R2DT extracts each named region, computes an RF-style consensus sequence using IUPAC ambiguity codes, and generates template-free visualizations for each structure. The outputs can be automatically stitched into a single combined diagram.

Quick start

r2dt.py stockholm examples/hcv-alignment.stk output/hcv/

This command:

Parses the Stockholm alignment
Extracts named structural elements from structureID
Assigns parent regions from regionID
Computes RF consensus sequences with IUPAC codes (R for purine, Y for pyrimidine, etc.)
Generates template-free 2D diagrams for each valid region
Stitches all diagrams into a combined view

Input format

The Stockholm file must contain #=GC SS_cons and at least one of:

#=GC structureID — for multi-region alignments (e.g. viral genomes)
#=GC knownSS_names — legacy format equivalent
Neither — the entire alignment is treated as a single structure (e.g. Rfam seed alignments)

structureID + regionID

The format uses two #=GC annotation lines:

structureID labels individual structural elements (stem-loops, junctions, etc.)
regionID labels the broader genomic region each structure belongs to

# STOCKHOLM 1.0

seq1/1-200      AUCGAUCG...AUCGAUCG...AUCGAUCG...
seq2/1-200      AUCGAUCG...AUCGAUCG...AUCGAUCG...

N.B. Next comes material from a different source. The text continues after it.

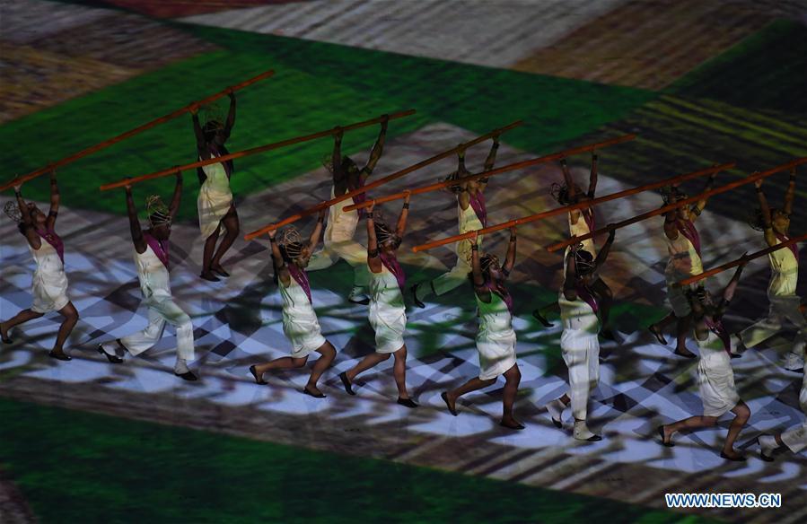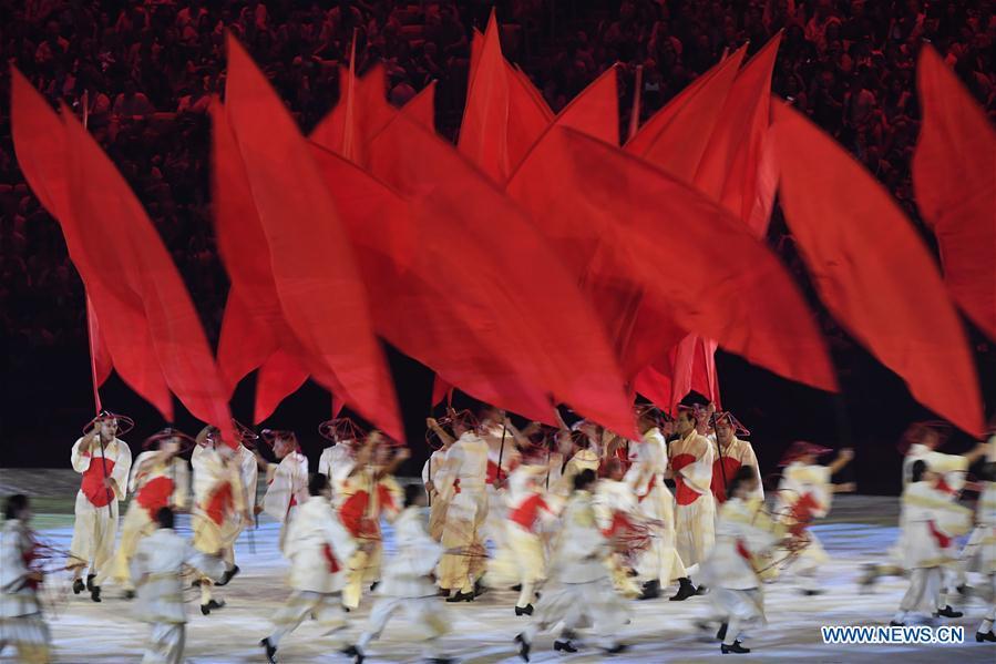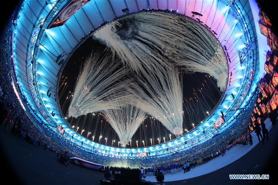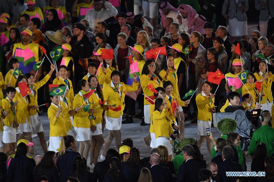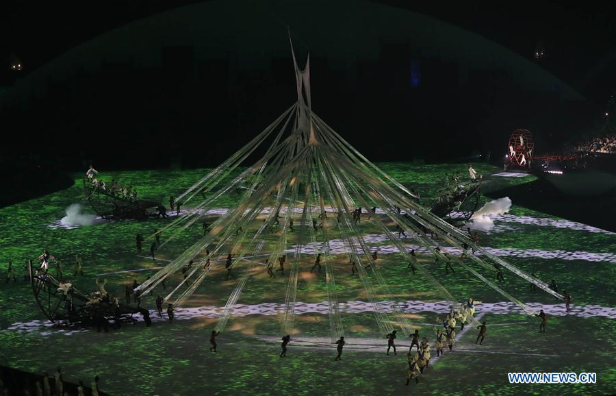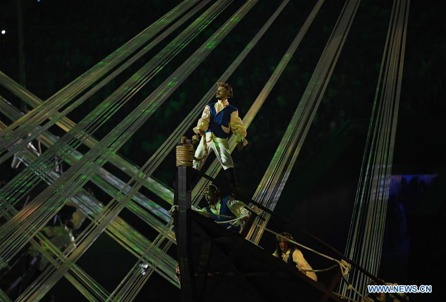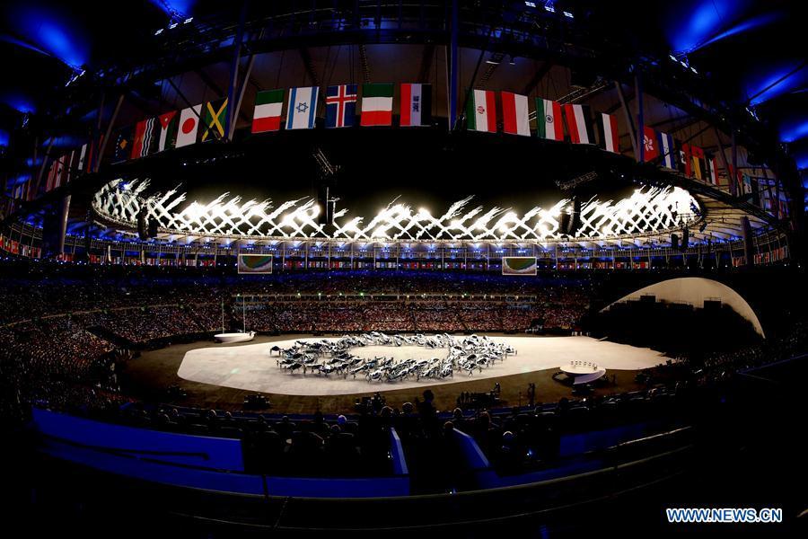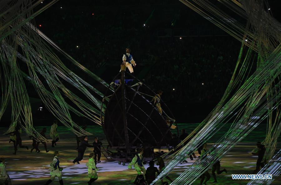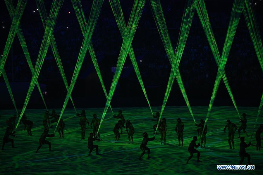Photo taken on Aug. 5, 2016 shows the opening ceremony of the 2016 Rio Olympic Games at the Maracana Stadium in Rio de Janeiro, Brazil. (Xinhua/Shen Bohan)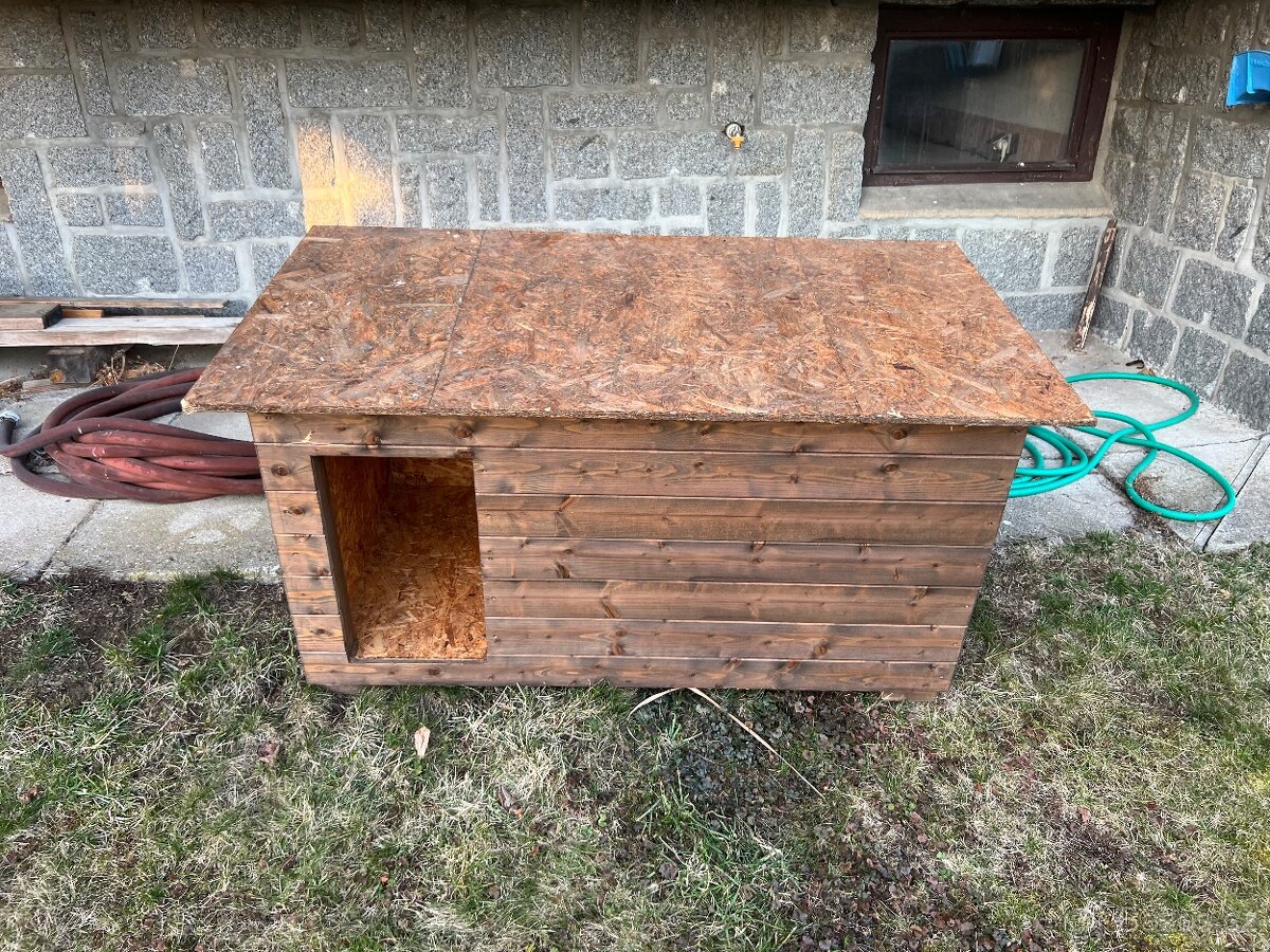 Prodám krásnou zateplenou boudu pro psa. Odklápěcí střecha. Velikost 120 x 60 cm. Vstupní otvor 25 x 45 cm. Skoro nepoužitá. Vlastní odvoz. Včetně podložek.

#=GC SS_cons         ...(((...)))......(((....)))......(((.....)))...
#=GC structureID     |...SLI.........|......SLII......|.....SLIII...|
#=GC regionID        |.........5'UTR...................|..core_protein.|
//

Both lines use the same pipe-delimited format:

| characters mark boundaries between named segments
Text between pipes (after stripping dots and whitespace) becomes the name
Dots (.) are filler characters — only the text content matters
Columns in structureID / regionID correspond 1:1 with alignment and SS_cons columns

In this example, SLI and SLII both fall within the 5’UTR region, while SLIII belongs to core_protein. R2DT uses the midpoint of each structure to determine its parent region.

Format rules

The | characters in the annotation lines mark the boundaries between regions:

Feature	Description
Delimiters	Pipe `\|` characters separate named segments
Filler	Dots `.` pad segments to the correct column width
Names	Non-dot, non-whitespace text between pipes is the name
Empty segments	Segments with only dots/whitespace are unnamed (skipped)
Column alignment	Each character position corresponds to an alignment column

Simple alignment (e.g. Rfam seed)

When neither structureID nor knownSS_names is present, R2DT treats the entire alignment as a single structure. This works out of the box for Rfam seed alignments and any other Stockholm file with SS_cons.

# STOCKHOLM 1.0
#=GF ID SAM
#=GF AC RF00162

seq1/1-108      CUCUUAUCAAGAG...
seq2/1-108      ACCUUAUUUUGAG...

#=GC SS_cons    (.(((((((,,,,<.<<<.<.--......
#=GC RF         c.ucUuAUcaAGAG.gGG.c.gG......
//

R2DT uses these annotations:

Annotation	Purpose
`#=GF ID`	Region name (e.g. “SAM”)
`#=GF AC`	Fallback name if ID is absent (e.g. “RF00162”)
`#=GC RF`	Reference annotation — uppercase/lowercase positions define match columns; dots mark inserts to remove
`#=GC SS_cons`	Consensus structure, may use WUSS notation

If #=GC RF is present, match columns are determined by non-dot RF positions. Otherwise, R2DT computes an IUPAC consensus and strips all-gap columns.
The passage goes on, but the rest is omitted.